Письмо помечено четырнадцатым. Значит, сегодня вечером в семь часов Клавдий приглашает меня созерцать преступные, истомленные и близкие к агонии красоты этих знаменитых убийственных портретов.
Герцогиня Сирлей, маркиза де Бикоском… И мне приходит на память весь разговор с Пьером де Терамоном и его визит ко мне в августе месяце, меньше года тому назад.

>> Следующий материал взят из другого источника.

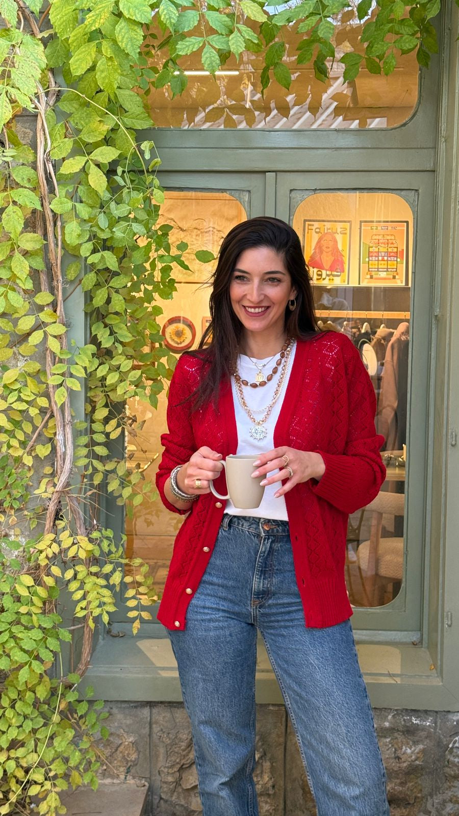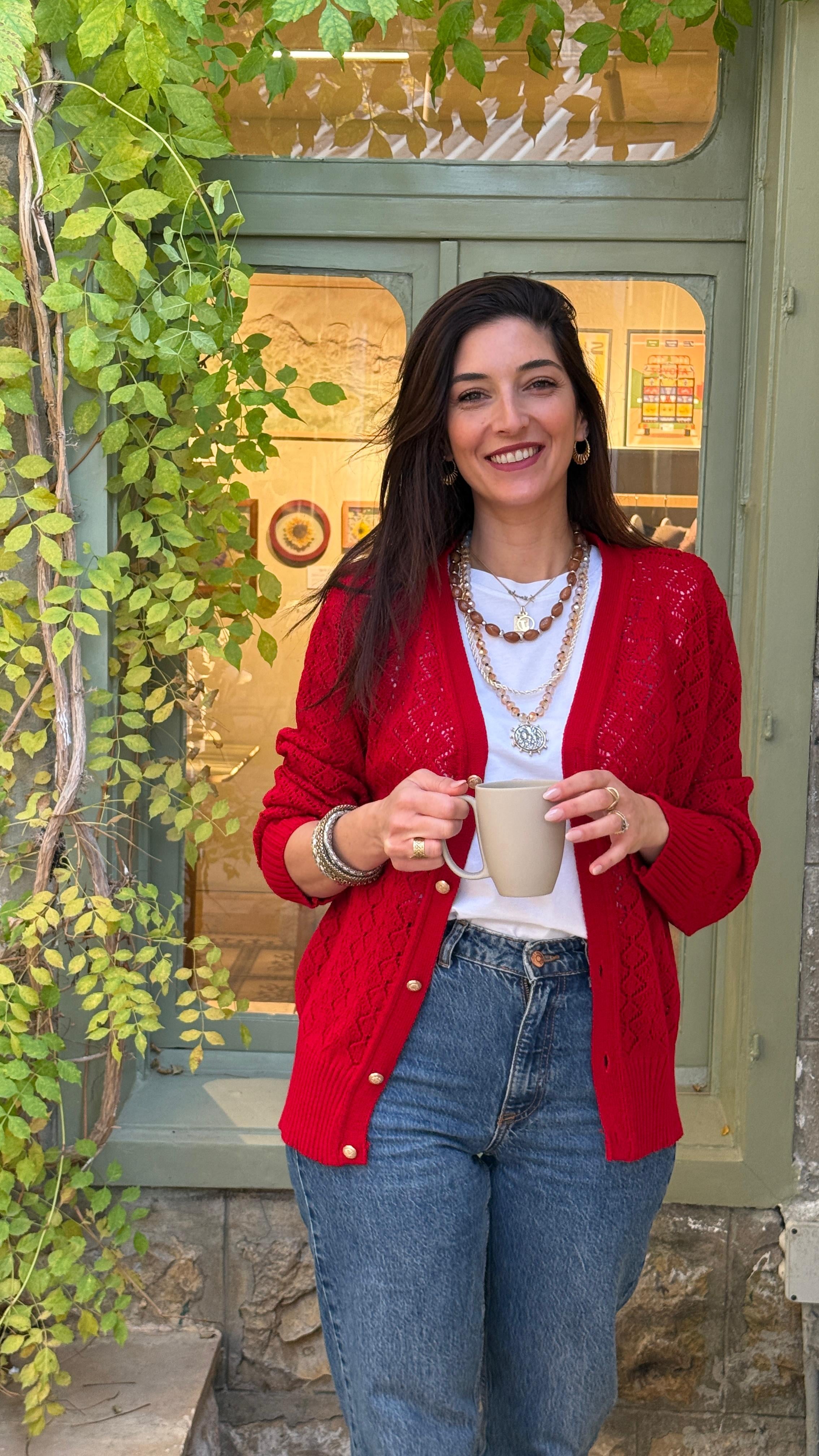 The Nina Cardigan is a classic, elevated layering piece with a timeless feel. It features an open-knit pattern that adds subtle texture while remaining lightweight and breathable. The design includes a flattering V-neckline, long sleeves with ribbed cuffs, and a ribbed hem for a polished finish. Sophisticated buttons down the front add a touch of understated elegance. Easy to dress up or down, this cardigan pairs effortlessly with a simple tee and denim for a relaxed yet refined everyday look.

«У него есть особо приготовленный сигаретки, которые побуждают к ужаснейшему разврату, а молодая герцогиня Сирлей, говорят, умерла в шесть месяцев, потому что во время сеансов вдыхала запахи странных и опьяняющих цветов.
Что же касается маркизы Бикоском, то она перестала позировать Эталю благодаря настояниям врачей; неврастения, которой она страдала, неудержимо росла в атмосфере этого цветочного рынка, вечно наполненного туберозами и лилиями; она чувствовала, что умирает там.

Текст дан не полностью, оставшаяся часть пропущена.